Further, we may lay stress on the interesting consideration that by means of the whole
defensive mechanism thus set in action a projection outward of the instinctual
danger has been achieved. The ego behaves as if the danger of a development of
anxiety threatened it not from the direction of an instinctual impulse but
from the direction of a perception, and it is thus enabled to react against this
external danger with the attempts at flight represented by phobic avoidances. In
this process repression is successful in one particular: the release of
anxiety can to some extent be dammed up, but only at a heavy sacrifice of personal
freedom. Attempts at flight from the demands of instinct are, however, in general
useless, and, in spite of everything, the result of phobic flight remains
unsatisfactory.
A great deal of what we have found in anxiety hysteria also holds good for
the other two neuroses, so that we can confine our discussion to their points of
difference and to the part played by anticathexis. In conversion hysteria the
instinctual cathexis of the repressed idea is changed into the innervation of
the symptom. How far and in what circumstances the unconscious idea is drained
empty by this discharge into innervation, so that it can relinquish its pressure
upon the system Cs. - these and similar questions had better be reserved for a special
investigation of hysteria.
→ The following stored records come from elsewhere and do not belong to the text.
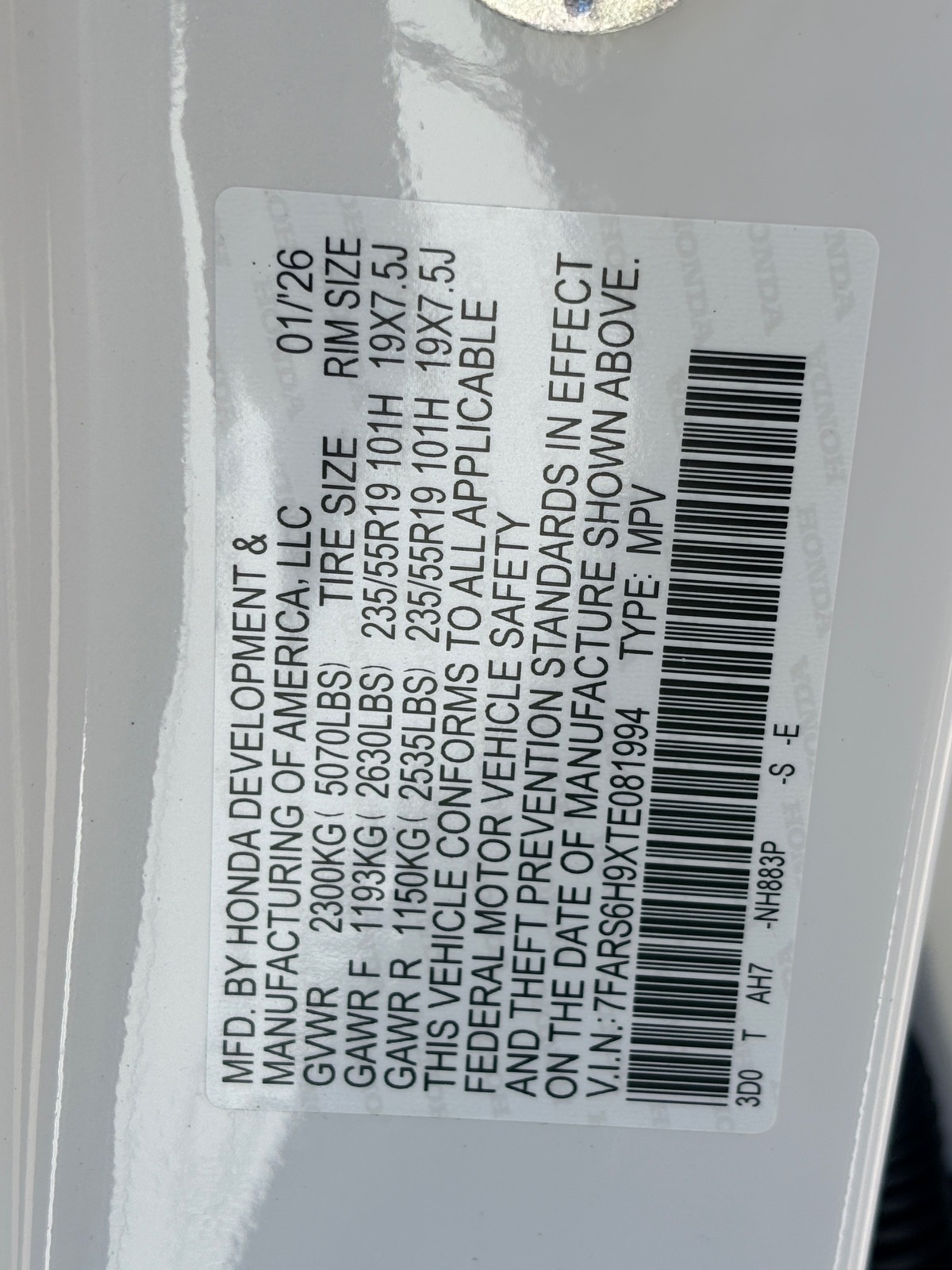 - VIN : 7FARS6H9XTE081994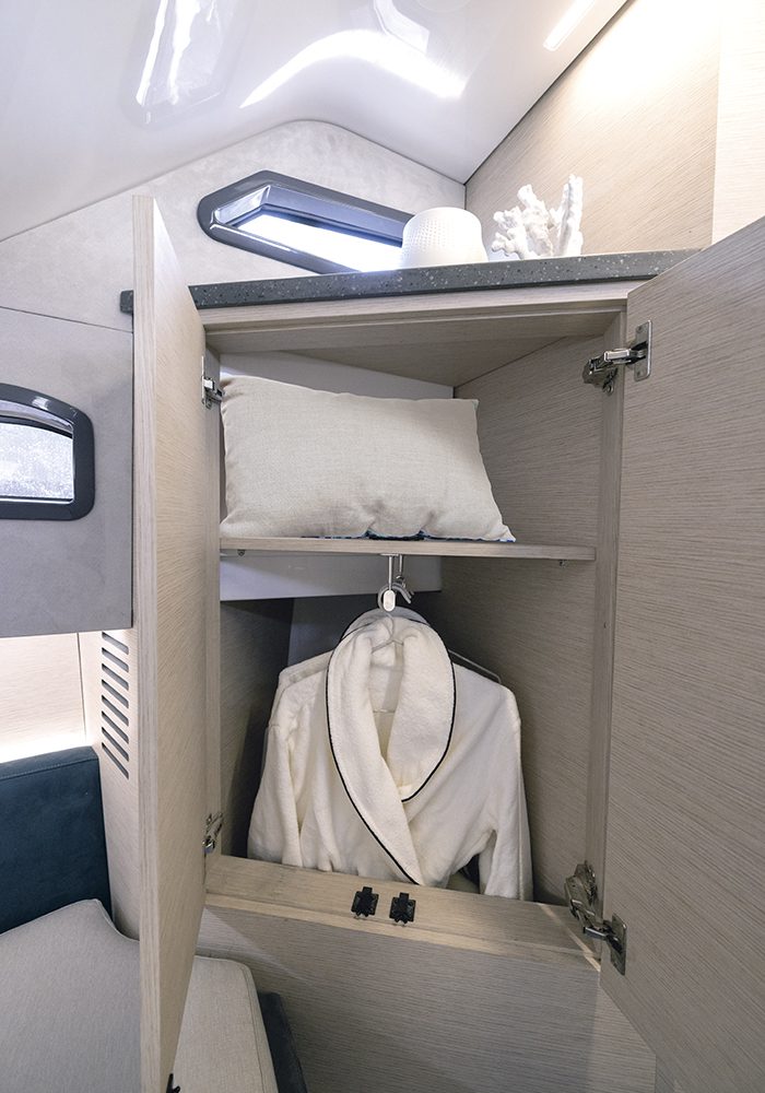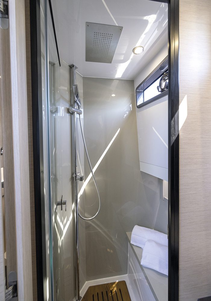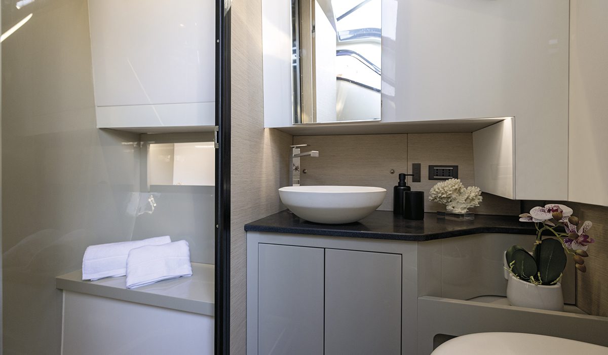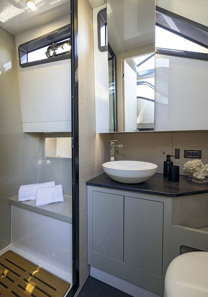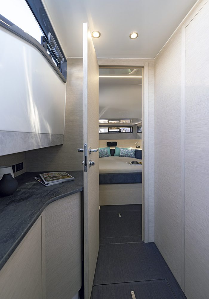 Degni di nota anche gli interni, con una cabina armatore a prua completamente “fasciata” dagli oblò, e quella doppia di poppa, che gode di una buona altezza sfruttando la zona rialzata della plancia di comando. Un bagno con box doccia separato completa la zona notte.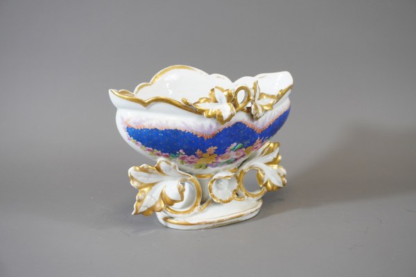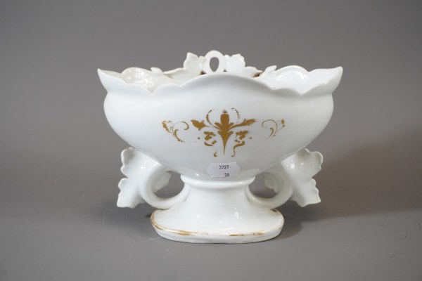 Vase en porcelaine à décor floral. Accident à une feuille. 17x24cm.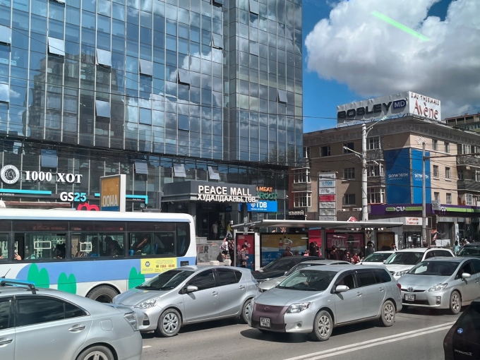 부산버스 같아 보이는 도색의 버스도 있고, 왼쪽에 gs25, 오른쪽에 cu가 있지만 몽골임.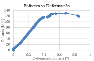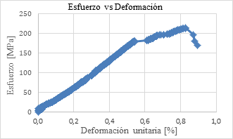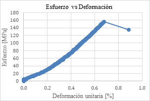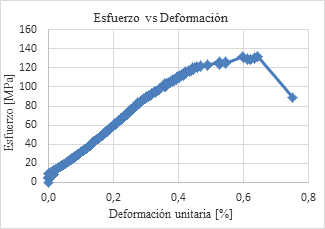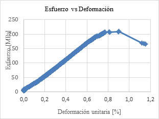 Estas características en la falla, según González de Vallejo et al. (2002), se deben a que durante la carga, la roca se va deformando paulatinamente, generando varios planos de rotura. El módulo de Young obtenido es de 29 GPa.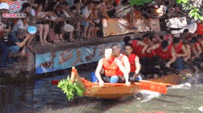 当鼓点敲响,扒仔们探身入水,先来一个“手刹”。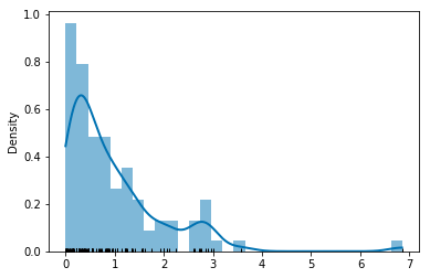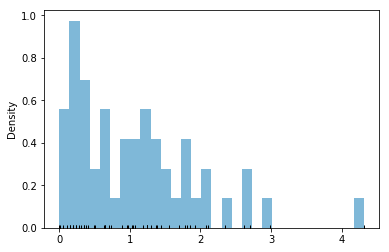 Example. Histogram of 50 simulated values of a random variable with an Exponential distribution, with the individual values displayed in a "rug" along the horizontal axis.
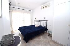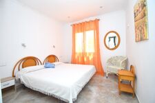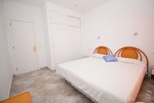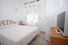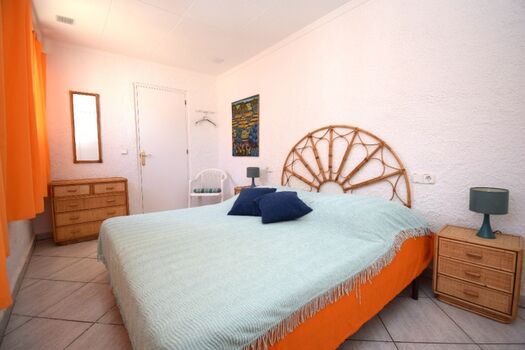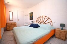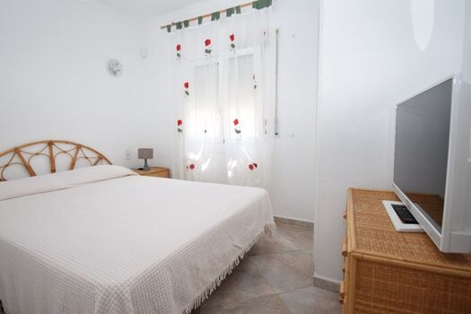 1 Schlafzimmer mit SAT-TV , Doppelbett (ca.150x190-200 cm), Einbauschrank, Blick zum Pool- u. Terrassenbereich, Fenster mit Fliegengitter.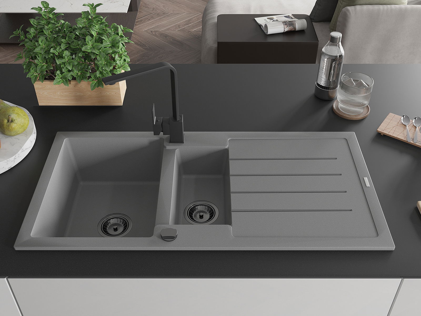 Мивката е направена от висококачествен гранит. Това е елегантно и най -вече практично допълнение към всяка кухня, независимо от нейния стил. Висококачествената и гранитна издръжливост осигуряват много години употреба.

In conversion hysteria the part played by the anticathexis
proceeding from the system Cs. (Pcs.) is clear and becomes manifest in the formation of the symptom. It is the
anticathexis that decides upon what portion of the instinctual representative the
whole cathexis of the latter is able to be concentrated. The portion thus
selected to be a symptom fulfils the condition of expressing the wishful aim of the
instinctual impulse no less than the defensive or punitive efforts of the
system Cs.; thus it becomes hypercathected, and it is maintained from both directions
like the substitutive idea in anxiety hysteria. From this circumstance we may
conclude without hesitation that the amount of energy expended by the system Cs. on repression need not be so great as the cathectic energy of the symptom;
for the strength of the repression is measured by the amount of anticathexis
expended, whereas the symptom is supported not only by this anticathexis but also
by the instinctual cathexis from the system Ucs. which is condensed in the symptom.